La perseveranza di Linklater è stata così premiata. Il film, infatti, già vincitore a Berlino 2014, racconta la vita di una famiglia vista attraverso gli occhi del piccolo Mason, che crescendo modifica la sua visione del mondo, modifica il suo approccio con la vita e tutti i suoi rapporti interpersonali. La trama così  raccontata, può apparire esile e poco interessante, ma la vera scommessa è stata vinta quando il regista decide di intraprendere questo percorso di vita e cambiamento in maniera del tutto reale.
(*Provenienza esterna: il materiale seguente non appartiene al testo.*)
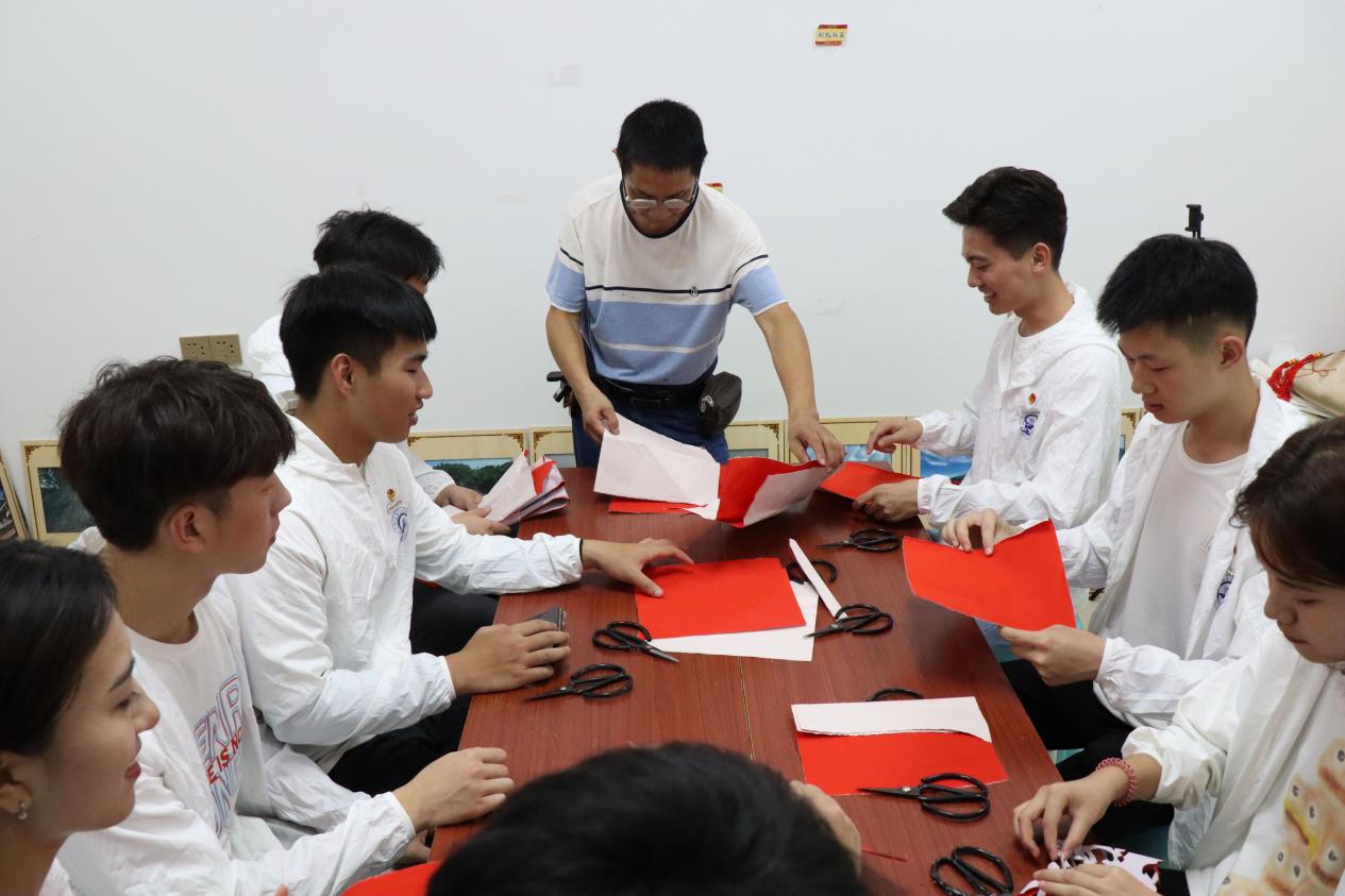 林老师为队员们分发了纸张和剪刀,队员们都动起手来,剪出属于自己的窗花。
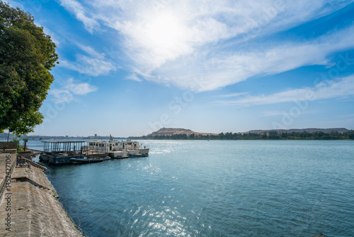 © twabian, Obraz premium Boats are moored on the Nile River near Aswan Egypt The view shows the river banks and distant landforms under a blue sky while heading towards Philae Nubian site.

La produzione lunga dodici anni è stata possibile grazie al paziente lavoro del regista e del team. Il cast si è riunito una volta l’anno per girare le scene che descrivessero quel preciso periodo di vita e permettendo così di seguire il reale cambiamento fisico ed emotivo del personaggio, ma anche dell’attore. Un esperimento portato a termine con successo.

Grand Hotel Budapest è invece una sorpresa. La storia di Monsieur Gustave, concierge ma di fatto il direttore del Grand Budapest Hotel collocato nell’immaginaria Zubrowka, diretta da Wes Anderson batte  il favorito Birdman di Alejandro González Iñárritu, che viene premiato come miglior sceneggiatura e fa ricevere il globo a Michael Keton come miglior attore protagonista.

È  stata  Amy Adams ad aggiudicarsi il premio come miglior attrice brillante in Big Eyes, l’ultima fatica di Tim Burton, mentre a vincere come miglior attrice protagonista drammatica è Julianne Moore per la sua interpretazione in Still Alice, pellicola che racconta la storia di una donna colpita da una forma presenile di Alzheimer.

J.K. Simmons ha vinto come miglior attore non protagonista per Whiplash, film d’esordio di Damien Chazelle.

Al giovane Eddie Redmayneche che interpreta Stephen Hawking ne La teoria del tutto (film vincitore anche per la colonna sonora) invece è andato il premio come miglior attore protagonista drammatico.

Per il miglior film in lingua straniera a trionfare è stato, a sorpresa, il russo Leviathan, già vincitore a Cannes per la migliore sceneggiatura, del talentuoso Andrej Zvjagincev.

L’evento, segnato dalle recenti vicende parigine, ha permesso ad alcuni artisti di esprimere la loro solidarietà, l’attore Jared Leto è stato il primo a ricordare l’attentato alla redazione di Charlie Hebdo e ha annunciato: “Je suis Charlie”.

Il premio De Mille è andato a George Clooney. “I milioni che hanno manifestato oggi a Parigi e in tutto il mondo hanno marciato a sostegno dell’idea che non cammineremo nella paura. Je suis Charlie”: queste le parole di Clooney che hanno concluso il discorso di ringraziamento dopo aver ricevuto il premio speciale.